Code of load_pts_as_img on Nuscene

kazuto1011 / dusty-gan-v2

Generative Range Imaging for Learning Scene Priors of 3D LiDAR Data (WACV 2023)

https://kazuto1011.github.io/dusty-gan-v2

MIT License

18 stars 1 forks source link

Code of load_pts_as_img on Nuscene #3

Closed Huang-yihao closed 11 months ago

Huang-yihao commented 11 months ago

Hello, I revised the function with your suggestion and generated some range view maps. But I do not know whether they are correct or not. The load_pts_as_img is

def load_pts_as_img(point_path, scan_unfolding=True, H=64, W=2048,min_depth=1.45,max_depth =80.0):
        # load xyz & intensity and add depth & mask

        points = np.fromfile(point_path, dtype=np.float32).reshape((-1, 5))
        grid_h = points[:,4].astype(np.int32)
        grid_h = np.expand_dims(grid_h, axis=1)
        points = points[:,:4]
        xyz = points[:, :3]  # xyz
        x = xyz[:, [0]]
        y = xyz[:, [1]]
        z = xyz[:, [2]]
        depth = np.linalg.norm(xyz, ord=2, axis=1, keepdims=True)
        # mask = (depth > 0).astype(np.float32)
        mask = (depth >= min_depth) & (depth <= max_depth)
        points = np.concatenate([points, depth, mask], axis=1)
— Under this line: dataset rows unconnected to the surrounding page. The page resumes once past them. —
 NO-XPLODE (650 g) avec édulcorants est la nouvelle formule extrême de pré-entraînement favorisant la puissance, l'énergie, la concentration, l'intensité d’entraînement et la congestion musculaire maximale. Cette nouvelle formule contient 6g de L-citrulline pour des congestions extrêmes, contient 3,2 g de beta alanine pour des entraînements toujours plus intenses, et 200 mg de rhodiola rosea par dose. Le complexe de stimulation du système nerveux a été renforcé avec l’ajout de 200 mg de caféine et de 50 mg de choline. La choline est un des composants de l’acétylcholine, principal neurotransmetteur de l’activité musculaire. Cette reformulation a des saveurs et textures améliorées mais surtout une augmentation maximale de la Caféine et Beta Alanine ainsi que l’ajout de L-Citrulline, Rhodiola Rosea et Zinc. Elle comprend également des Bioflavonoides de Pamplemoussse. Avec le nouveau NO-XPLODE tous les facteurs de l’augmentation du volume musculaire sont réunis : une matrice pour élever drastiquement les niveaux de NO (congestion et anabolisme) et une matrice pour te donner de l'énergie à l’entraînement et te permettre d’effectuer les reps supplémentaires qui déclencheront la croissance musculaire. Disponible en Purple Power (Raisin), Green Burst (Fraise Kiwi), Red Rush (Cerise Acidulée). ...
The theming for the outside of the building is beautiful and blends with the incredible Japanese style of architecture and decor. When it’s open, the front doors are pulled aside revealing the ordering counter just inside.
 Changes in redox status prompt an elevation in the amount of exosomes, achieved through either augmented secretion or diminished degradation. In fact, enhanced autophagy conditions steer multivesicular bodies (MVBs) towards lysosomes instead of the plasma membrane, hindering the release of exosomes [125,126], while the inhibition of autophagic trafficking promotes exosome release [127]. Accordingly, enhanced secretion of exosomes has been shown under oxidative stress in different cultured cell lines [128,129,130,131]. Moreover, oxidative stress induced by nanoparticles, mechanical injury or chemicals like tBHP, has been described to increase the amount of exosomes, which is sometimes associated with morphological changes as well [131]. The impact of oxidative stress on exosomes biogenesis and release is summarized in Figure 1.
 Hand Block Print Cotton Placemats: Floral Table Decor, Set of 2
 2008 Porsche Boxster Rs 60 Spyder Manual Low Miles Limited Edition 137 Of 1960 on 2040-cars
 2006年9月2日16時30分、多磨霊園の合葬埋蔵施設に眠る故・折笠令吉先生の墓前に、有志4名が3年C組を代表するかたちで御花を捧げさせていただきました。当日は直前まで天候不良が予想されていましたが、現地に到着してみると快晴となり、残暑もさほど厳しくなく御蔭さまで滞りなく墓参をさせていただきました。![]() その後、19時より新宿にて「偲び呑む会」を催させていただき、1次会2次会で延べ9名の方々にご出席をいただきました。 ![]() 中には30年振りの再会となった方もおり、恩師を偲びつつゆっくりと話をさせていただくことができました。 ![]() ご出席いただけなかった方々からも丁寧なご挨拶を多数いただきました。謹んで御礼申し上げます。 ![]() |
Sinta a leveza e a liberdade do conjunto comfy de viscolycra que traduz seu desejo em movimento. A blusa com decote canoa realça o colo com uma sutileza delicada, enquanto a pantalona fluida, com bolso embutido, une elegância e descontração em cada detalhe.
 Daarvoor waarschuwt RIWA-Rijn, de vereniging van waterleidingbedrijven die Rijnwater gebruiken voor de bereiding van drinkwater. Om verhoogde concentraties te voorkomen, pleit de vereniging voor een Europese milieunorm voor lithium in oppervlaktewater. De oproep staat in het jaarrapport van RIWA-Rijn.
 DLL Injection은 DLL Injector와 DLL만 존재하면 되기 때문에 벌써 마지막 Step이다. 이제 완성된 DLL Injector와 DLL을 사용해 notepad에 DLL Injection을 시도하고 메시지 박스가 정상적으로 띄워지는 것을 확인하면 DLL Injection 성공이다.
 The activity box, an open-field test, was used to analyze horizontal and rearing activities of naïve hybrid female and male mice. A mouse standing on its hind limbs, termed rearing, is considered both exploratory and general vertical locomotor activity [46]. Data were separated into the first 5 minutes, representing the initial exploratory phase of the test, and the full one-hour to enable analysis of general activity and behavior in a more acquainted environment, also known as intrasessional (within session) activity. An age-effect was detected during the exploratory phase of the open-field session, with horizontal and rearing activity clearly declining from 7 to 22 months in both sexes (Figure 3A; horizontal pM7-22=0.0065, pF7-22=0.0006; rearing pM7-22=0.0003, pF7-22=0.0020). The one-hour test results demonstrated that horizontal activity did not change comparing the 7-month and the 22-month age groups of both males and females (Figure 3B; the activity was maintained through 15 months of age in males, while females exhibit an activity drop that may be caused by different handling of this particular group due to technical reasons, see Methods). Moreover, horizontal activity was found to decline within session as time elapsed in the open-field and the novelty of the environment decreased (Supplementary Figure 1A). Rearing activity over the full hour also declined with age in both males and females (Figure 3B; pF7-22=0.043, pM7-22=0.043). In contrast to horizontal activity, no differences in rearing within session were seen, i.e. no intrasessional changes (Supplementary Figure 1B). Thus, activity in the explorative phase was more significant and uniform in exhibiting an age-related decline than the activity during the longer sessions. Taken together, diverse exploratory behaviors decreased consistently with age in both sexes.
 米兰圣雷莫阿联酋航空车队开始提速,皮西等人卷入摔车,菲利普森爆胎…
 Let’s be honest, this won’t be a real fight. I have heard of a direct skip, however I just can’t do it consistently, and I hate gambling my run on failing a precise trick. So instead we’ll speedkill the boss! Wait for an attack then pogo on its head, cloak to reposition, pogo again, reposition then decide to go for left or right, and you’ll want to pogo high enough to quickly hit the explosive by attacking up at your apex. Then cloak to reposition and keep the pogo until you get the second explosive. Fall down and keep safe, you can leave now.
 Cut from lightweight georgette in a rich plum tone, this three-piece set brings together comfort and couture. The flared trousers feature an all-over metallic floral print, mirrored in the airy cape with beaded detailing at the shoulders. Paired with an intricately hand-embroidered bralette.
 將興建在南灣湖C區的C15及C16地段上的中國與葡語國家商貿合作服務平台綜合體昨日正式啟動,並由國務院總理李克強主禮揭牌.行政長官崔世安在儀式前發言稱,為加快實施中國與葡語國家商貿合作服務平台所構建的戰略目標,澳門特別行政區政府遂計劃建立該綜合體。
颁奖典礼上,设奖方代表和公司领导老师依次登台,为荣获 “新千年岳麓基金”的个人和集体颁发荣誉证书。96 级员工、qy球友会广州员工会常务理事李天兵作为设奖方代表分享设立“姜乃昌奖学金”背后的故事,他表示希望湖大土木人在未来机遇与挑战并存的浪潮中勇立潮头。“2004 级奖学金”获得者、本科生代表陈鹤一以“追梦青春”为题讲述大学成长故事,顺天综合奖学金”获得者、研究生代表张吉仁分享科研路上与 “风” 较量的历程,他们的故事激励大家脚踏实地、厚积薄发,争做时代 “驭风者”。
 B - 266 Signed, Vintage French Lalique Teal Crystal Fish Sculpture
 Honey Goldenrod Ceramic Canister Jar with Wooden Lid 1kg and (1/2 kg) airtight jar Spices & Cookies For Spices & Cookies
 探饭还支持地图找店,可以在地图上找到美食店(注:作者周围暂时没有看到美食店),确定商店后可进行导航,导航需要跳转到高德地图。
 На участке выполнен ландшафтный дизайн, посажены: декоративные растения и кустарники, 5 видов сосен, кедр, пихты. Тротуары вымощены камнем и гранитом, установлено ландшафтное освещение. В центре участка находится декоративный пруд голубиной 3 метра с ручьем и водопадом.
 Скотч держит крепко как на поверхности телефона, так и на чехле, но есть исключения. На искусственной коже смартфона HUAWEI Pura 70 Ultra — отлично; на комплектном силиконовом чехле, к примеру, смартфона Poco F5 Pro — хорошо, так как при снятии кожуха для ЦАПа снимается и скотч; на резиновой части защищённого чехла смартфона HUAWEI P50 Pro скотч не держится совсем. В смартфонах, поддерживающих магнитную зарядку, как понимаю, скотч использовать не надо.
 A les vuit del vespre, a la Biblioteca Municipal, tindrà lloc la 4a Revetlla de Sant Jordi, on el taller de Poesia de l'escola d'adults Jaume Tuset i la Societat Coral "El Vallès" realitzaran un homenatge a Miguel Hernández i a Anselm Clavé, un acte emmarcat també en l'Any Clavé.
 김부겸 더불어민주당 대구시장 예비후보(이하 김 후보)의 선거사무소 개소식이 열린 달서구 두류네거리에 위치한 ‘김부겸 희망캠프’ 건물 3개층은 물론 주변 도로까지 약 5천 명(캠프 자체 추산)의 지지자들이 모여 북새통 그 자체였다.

        if scan_unfolding:
            # the i-th quadrant
            # suppose the points are ordered counterclockwise
            quads = np.zeros_like(x, dtype=np.int32)
            quads[(x >= 0) & (y >= 0)] = 0  # 1st
            quads[(x < 0) & (y >= 0)] = 1  # 2nd
            quads[(x < 0) & (y < 0)] = 2  # 3rd
            quads[(x >= 0) & (y < 0)] = 3  # 4th

            # split between the 3rd and 1st quadrants
            diff = np.roll(quads, shift=1, axis=0) - quads
            delim_inds, _ = np.where(diff == 3)  # number of lines
            inds = list(delim_inds) + [len(points)]  # add the last index

            # vertical grid
            # grid_h = np.zeros_like(x, dtype=np.int32)
            # cur_ring_idx = H - 1  # ...0
            # for i in reversed(range(len(delim_inds))):
            #     grid_h[inds[i] : inds[i + 1]] = cur_ring_idx
            #     if cur_ring_idx >= 0:
            #         cur_ring_idx -= 1
            #     else:
            #         break
        else:
            fup, fdown = np.deg2rad(3), np.deg2rad(-25)
            pitch = np.arcsin(z / depth) + abs(fdown)
            grid_h = 1 - pitch / (fup - fdown)
            grid_h = np.floor(grid_h * H).clip(0, H - 1).astype(np.int32)

        # horizontal grid
        yaw = -np.arctan2(y, x)  # [-pi,pi]
        grid_w = (yaw / np.pi + 1) / 2 % 1  # [0,1]
        grid_w = np.floor(grid_w * W).clip(0, W - 1).astype(np.int32)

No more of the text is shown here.